RAW DATA ->
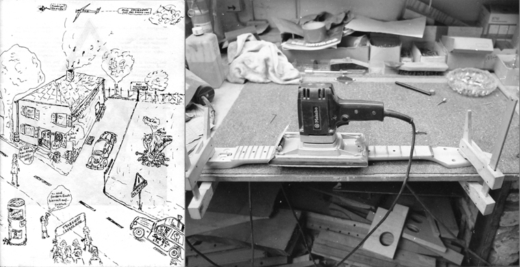 Para mostrar las muchas posibilidades de diseño del kit, había construido una guitarra en forma de bota de vaquero. Pensándolo ahora, no fue mi mejor idea de marketing. Un kit de tipo Stratocaster con características especiales habría sido mejor. Pero Rosberg supo ver la novedad que implicaba mi kit.
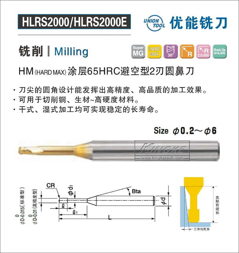 HLRS2000 HM涂層HRC65避空型2刃圓鼻刀
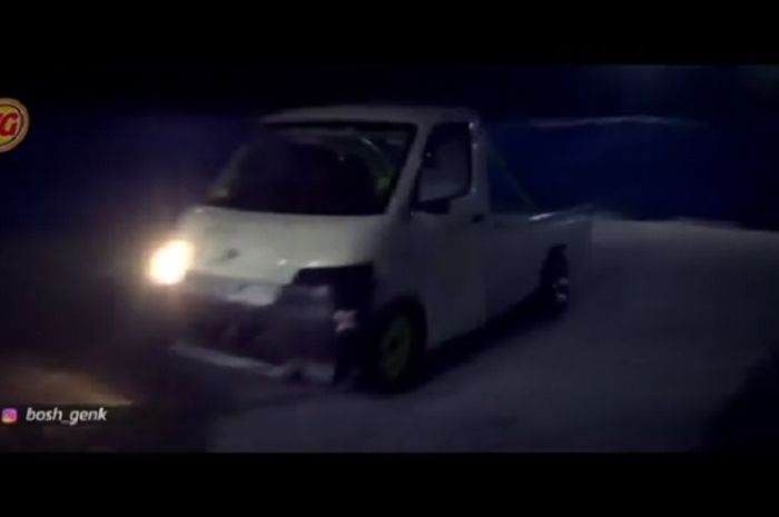 Akun media sosial Instagram @bosh_genk mengunggah sebuah video yang memperlihatkan aksi pikap sayur ini saat melintas di trek balap drag 201 m.
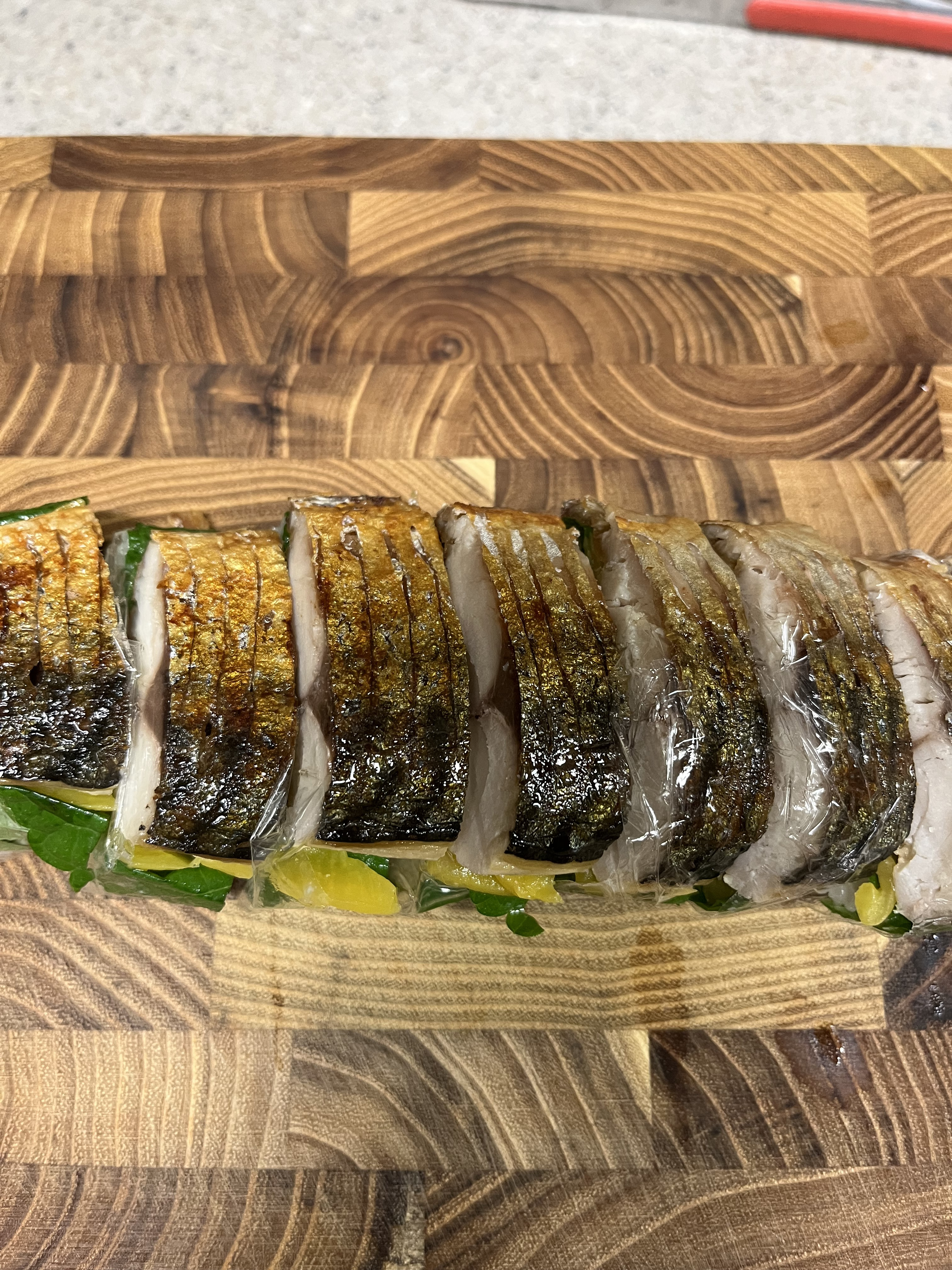 요즘 가시 제거한 순살 생선이 많이 나오더라구요. 그중 순살고등어를 구워 묵은지와 깻잎을 넣어 초밥을 만들었어요.

REQUIRED ACTION -> Please transcribe the listing above verbatim and exclude every picture.

RESULT OF THIS EXERCISE ->
 Para mostrar las muchas posibilidades de diseño del kit, había construido una guitarra en forma de bota de vaquero. Pensándolo ahora, no fue mi mejor idea de marketing. Un kit de tipo Stratocaster con características especiales habría sido mejor. Pero Rosberg supo ver la novedad que implicaba mi kit.
 HLRS2000 HM涂層HRC65避空型2刃圓鼻刀
 Akun media sosial Instagram @bosh_genk mengunggah sebuah video yang memperlihatkan aksi pikap sayur ini saat melintas di trek balap drag 201 m.
 요즘 가시 제거한 순살 생선이 많이 나오더라구요. 그중 순살고등어를 구워 묵은지와 깻잎을 넣어 초밥을 만들었어요.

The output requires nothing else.